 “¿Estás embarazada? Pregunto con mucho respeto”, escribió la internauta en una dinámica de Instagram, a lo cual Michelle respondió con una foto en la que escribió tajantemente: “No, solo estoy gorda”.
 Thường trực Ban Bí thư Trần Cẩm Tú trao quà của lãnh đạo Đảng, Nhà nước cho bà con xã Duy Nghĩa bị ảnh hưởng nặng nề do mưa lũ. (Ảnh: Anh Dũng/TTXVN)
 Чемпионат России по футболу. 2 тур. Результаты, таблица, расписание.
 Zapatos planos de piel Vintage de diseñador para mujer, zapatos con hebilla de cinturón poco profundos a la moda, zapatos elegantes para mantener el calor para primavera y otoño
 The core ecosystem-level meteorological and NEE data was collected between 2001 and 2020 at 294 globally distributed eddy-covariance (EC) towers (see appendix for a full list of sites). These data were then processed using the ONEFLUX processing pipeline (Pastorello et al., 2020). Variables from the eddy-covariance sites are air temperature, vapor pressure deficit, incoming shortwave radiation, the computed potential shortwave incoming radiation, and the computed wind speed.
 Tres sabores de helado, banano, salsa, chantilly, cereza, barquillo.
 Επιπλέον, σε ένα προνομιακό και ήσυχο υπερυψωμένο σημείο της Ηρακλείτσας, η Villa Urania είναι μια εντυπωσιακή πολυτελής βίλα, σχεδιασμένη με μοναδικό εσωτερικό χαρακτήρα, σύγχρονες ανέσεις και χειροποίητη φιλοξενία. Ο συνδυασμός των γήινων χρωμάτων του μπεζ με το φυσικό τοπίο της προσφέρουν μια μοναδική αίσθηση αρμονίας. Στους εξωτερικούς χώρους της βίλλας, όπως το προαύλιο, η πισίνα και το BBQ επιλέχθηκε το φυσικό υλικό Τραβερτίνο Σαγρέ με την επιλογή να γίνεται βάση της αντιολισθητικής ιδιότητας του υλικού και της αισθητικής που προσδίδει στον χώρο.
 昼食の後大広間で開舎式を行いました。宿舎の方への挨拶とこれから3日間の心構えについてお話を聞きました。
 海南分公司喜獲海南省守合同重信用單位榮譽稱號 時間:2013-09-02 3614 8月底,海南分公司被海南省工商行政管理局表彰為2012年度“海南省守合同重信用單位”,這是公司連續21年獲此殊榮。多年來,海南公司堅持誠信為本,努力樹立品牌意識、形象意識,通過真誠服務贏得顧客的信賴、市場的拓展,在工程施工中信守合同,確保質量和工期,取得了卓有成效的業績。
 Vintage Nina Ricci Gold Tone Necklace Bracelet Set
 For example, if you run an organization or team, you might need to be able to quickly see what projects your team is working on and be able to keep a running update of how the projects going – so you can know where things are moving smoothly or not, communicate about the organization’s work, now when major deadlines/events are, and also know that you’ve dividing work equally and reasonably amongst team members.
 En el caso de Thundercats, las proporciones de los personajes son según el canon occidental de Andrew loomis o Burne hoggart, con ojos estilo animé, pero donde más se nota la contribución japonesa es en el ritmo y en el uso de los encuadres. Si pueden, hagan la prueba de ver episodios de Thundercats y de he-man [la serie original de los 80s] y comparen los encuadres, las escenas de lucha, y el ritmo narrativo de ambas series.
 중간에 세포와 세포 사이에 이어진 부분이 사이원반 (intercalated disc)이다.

> [Task item]: Give the material above again, word for word.

> [Exercise output]:
 “¿Estás embarazada? Pregunto con mucho respeto”, escribió la internauta en una dinámica de Instagram, a lo cual Michelle respondió con una foto en la que escribió tajantemente: “No, solo estoy gorda”.
 Thường trực Ban Bí thư Trần Cẩm Tú trao quà của lãnh đạo Đảng, Nhà nước cho bà con xã Duy Nghĩa bị ảnh hưởng nặng nề do mưa lũ. (Ảnh: Anh Dũng/TTXVN)
 Чемпионат России по футболу. 2 тур. Результаты, таблица, расписание.
 Zapatos planos de piel Vintage de diseñador para mujer, zapatos con hebilla de cinturón poco profundos a la moda, zapatos elegantes para mantener el calor para primavera y otoño
 The core ecosystem-level meteorological and NEE data was collected between 2001 and 2020 at 294 globally distributed eddy-covariance (EC) towers (see appendix for a full list of sites). These data were then processed using the ONEFLUX processing pipeline (Pastorello et al., 2020). Variables from the eddy-covariance sites are air temperature, vapor pressure deficit, incoming shortwave radiation, the computed potential shortwave incoming radiation, and the computed wind speed.
 Tres sabores de helado, banano, salsa, chantilly, cereza, barquillo.
 Επιπλέον, σε ένα προνομιακό και ήσυχο υπερυψωμένο σημείο της Ηρακλείτσας, η Villa Urania είναι μια εντυπωσιακή πολυτελής βίλα, σχεδιασμένη με μοναδικό εσωτερικό χαρακτήρα, σύγχρονες ανέσεις και χειροποίητη φιλοξενία. Ο συνδυασμός των γήινων χρωμάτων του μπεζ με το φυσικό τοπίο της προσφέρουν μια μοναδική αίσθηση αρμονίας. Στους εξωτερικούς χώρους της βίλλας, όπως το προαύλιο, η πισίνα και το BBQ επιλέχθηκε το φυσικό υλικό Τραβερτίνο Σαγρέ με την επιλογή να γίνεται βάση της αντιολισθητικής ιδιότητας του υλικού και της αισθητικής που προσδίδει στον χώρο.
 昼食の後大広間で開舎式を行いました。宿舎の方への挨拶とこれから3日間の心構えについてお話を聞きました。
 海南分公司喜獲海南省守合同重信用單位榮譽稱號 時間:2013-09-02 3614 8月底,海南分公司被海南省工商行政管理局表彰為2012年度“海南省守合同重信用單位”,這是公司連續21年獲此殊榮。多年來,海南公司堅持誠信為本,努力樹立品牌意識、形象意識,通過真誠服務贏得顧客的信賴、市場的拓展,在工程施工中信守合同,確保質量和工期,取得了卓有成效的業績。
 Vintage Nina Ricci Gold Tone Necklace Bracelet Set
 For example, if you run an organization or team, you might need to be able to quickly see what projects your team is working on and be able to keep a running update of how the projects going – so you can know where things are moving smoothly or not, communicate about the organization’s work, now when major deadlines/events are, and also know that you’ve dividing work equally and reasonably amongst team members.
 En el caso de Thundercats, las proporciones de los personajes son según el canon occidental de Andrew loomis o Burne hoggart, con ojos estilo animé, pero donde más se nota la contribución japonesa es en el ritmo y en el uso de los encuadres. Si pueden, hagan la prueba de ver episodios de Thundercats y de he-man [la serie original de los 80s] y comparen los encuadres, las escenas de lucha, y el ritmo narrativo de ambas series.
 중간에 세포와 세포 사이에 이어진 부분이 사이원반 (intercalated disc)이다.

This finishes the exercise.